There is some evidence that psychological/psychosocial treatments in conjunction with other rehabilitation treatments are useful for people with chronic whiplash, but more high quality research is needed.

Key References

  • Dunne, RL, Kenardy, J & Sterling, M 2012, ‘A randomized controlled trial of cognitive-behavioral therapy for the treatment of PTSD in the context of chronic whiplash’, Clinical Journal of Pain, vol. 28, pp. 755–765.
  • Leach, J 2007, ‘Editorial comment on ‘developing clinical guidelines for the physiotherapy management of whiplash associated disorder (WAD)' by C. Mercer, A. Jackson and A. Moore’, International Journal of Osteopathic Medicine, vol. 10, no. 2-3, pp. 55.
  • Mercer, C, Jackson, A & Moore, A 2007, ‘Developing clinical guidelines for the physiotherapy management of whiplash associated disorder (WAD)’, International Journal of Osteopathic Medicine, vol. 10, no. 2-3, pp. 50-54.

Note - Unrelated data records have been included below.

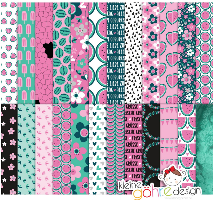
digitale Papiere "Melonenmal Muster1"
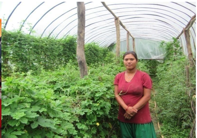
नागदेवाली मूल्य श्रृंखला अभिवृद्धिका लागि व्यावसायिक अचार तयारी तालिम र टनेल खेती, राप्ती गा.पा. दाङ्ग
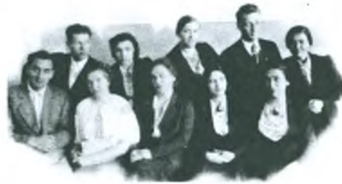
Рис.3. Аспиранты первого набора. 1938 г.

Металл и смешанный фонд (МСФ) привлекает внимание своей пестротой и разнообразием. В коллекцию МСФ входят подарки иностранных делегаций и гостей КазНУ, спортивные кубки и медали, полученные за высокие достижения студентами, статуэтки, картины, чеканки и т.д. Например, в музее представлен завораживающий красотой макет мечети Кудс, выполненный из чистого перламутра и переданный в дар университету палестинским лидером Ясиром Арафатом в 1991 году.
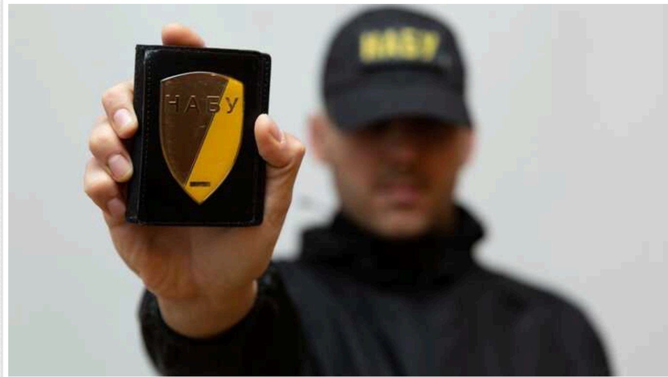
Реставрація за завищеними цінами: в Одесі проходять обшуки у справі про розкрадання бюджетних коштів
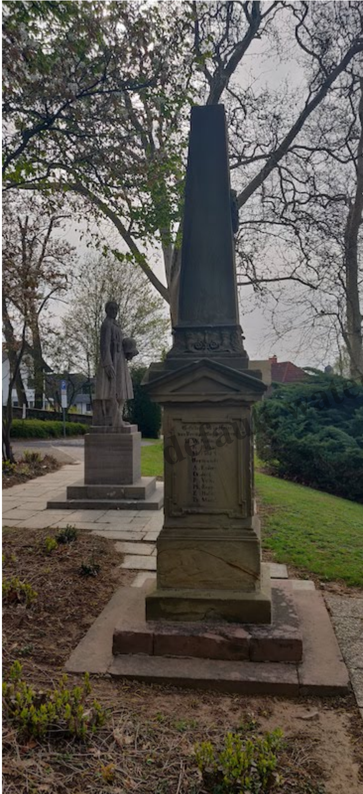
Das Denkmal für die Soldaten von 1870/71 in Altenstadt (Hessen)
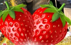
มีผลตอบเอบอด้สุด ๆ จากรั้
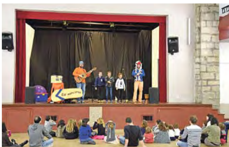
Actuació infantil de la darrera festa major d'hivern À. REYNAL

L'exposició proposa un recorregut en dos àmbits: dos primers panells, que detallen aspectes biogràfics, la seva implicació en la vida política local, etc., i un altre àmbit, que descriu el seu vessant com a compositor en diversos gèneres musicals i especialment en l'àmbit sardanístic, atès que va arribar a compondre més de dues-centes sardanes. I també els seus èxits com a músic, com ara quan era director artístic de la cobla Pe-
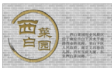
图6 西白菜园路路标的设计

街道更新应与历史街区的文化内涵紧密关联,让人们体验到生活情境中所含有的场所精神。场所精神反映了特定期人和场所间产生的方向感和认同感,其与物质遗存和传统社区的存续有着直接的关系,有助于人们更好地体验城市环境。西白菜园民国建筑的遗存及其历史文化背景为周围街道环境的更新提供了重要的参考价值,地下通道入口外立面的设计采用了民国店面牌坊和民国建筑弧形拱门的形式。此外,西白菜园路与科巷交接处设置了通向西白菜园的路标,路标设计采用了黄铜与青砖相结合的方式(图6),符合民国风情。在民国建筑群附近,禁止机动车违停,并清除了与环境不相容的设施,仅设置简洁栏杆,避免视线阻碍,以保证人们能在西白菜园路最大限度地观赏民国建筑群(图7)。
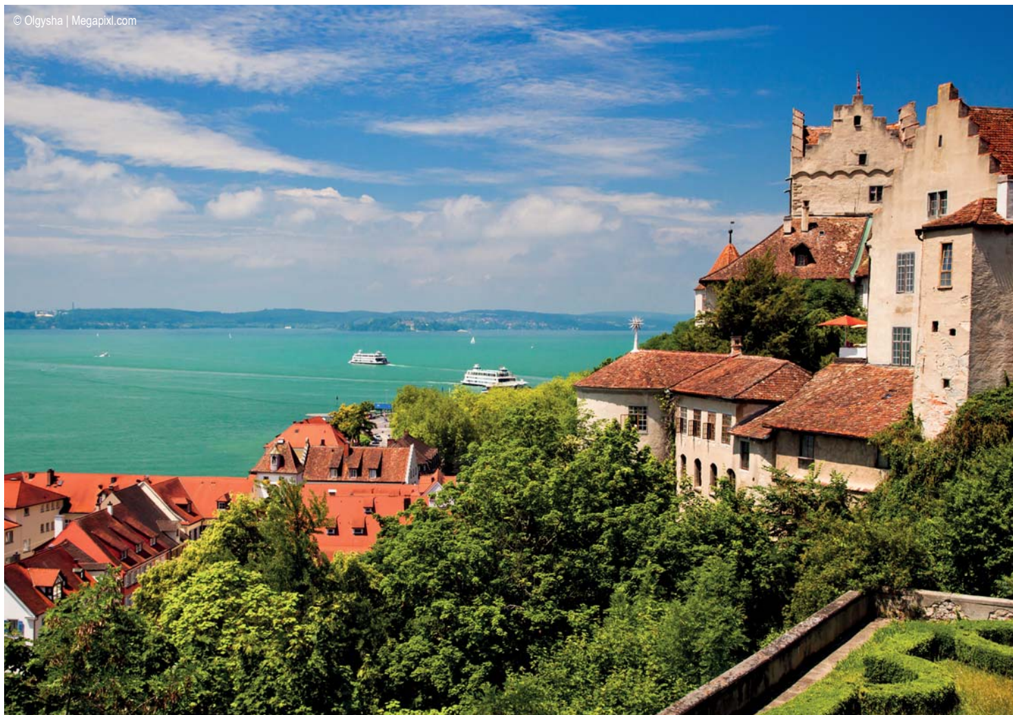
Meersburg - Blick über den Bodensee

  • Pato, U, Stefano, GD, Fravi, N, Arnold, M, Curatolo, M, Radanov, BP, Ballinari, P & Sturzenegger, M 2010, ‘Comparison of randomized treatments for late whiplash’, Neurology, vol. 74, pp. 1223–1230.
  • Seferiadis A, Rosenfeld M & Gunnarsson R 2004, ‘A review of treatment interventions in whiplash-associated disorders’, European Spine Journal, vol. 13, pp. 387–397.
  • Sterling, M & Kenardy, J 2008, ‘Physical and psychological aspects of whiplash: important considerations for primary care assessment’, Manual Therapy, vol. 13, no. 2, pp. 93–102.
  • Sullivan, MJL, Adams, H, Rhodenizer, T & Stanish WD 2006, ‘A Psychosocial Risk Factor – Targeted Intervention for the Prevention of Chronic Pain and Disability Following Whiplash Injury’, Physical Therapy, vol. 86, no. 1, pp. 8-18.
  • Verhagen, A, Scholten-Peeters, G, Van Wijngaarden, S, De Bie, R & Bierma-Zeinstra, S 2007, ‘Conservative treatments for whiplash’, Cochrane Database of Systematic Reviews, Issue 2, Art. No.: CD003338. DOI: 10.1002/14651858.CD003338.pub3.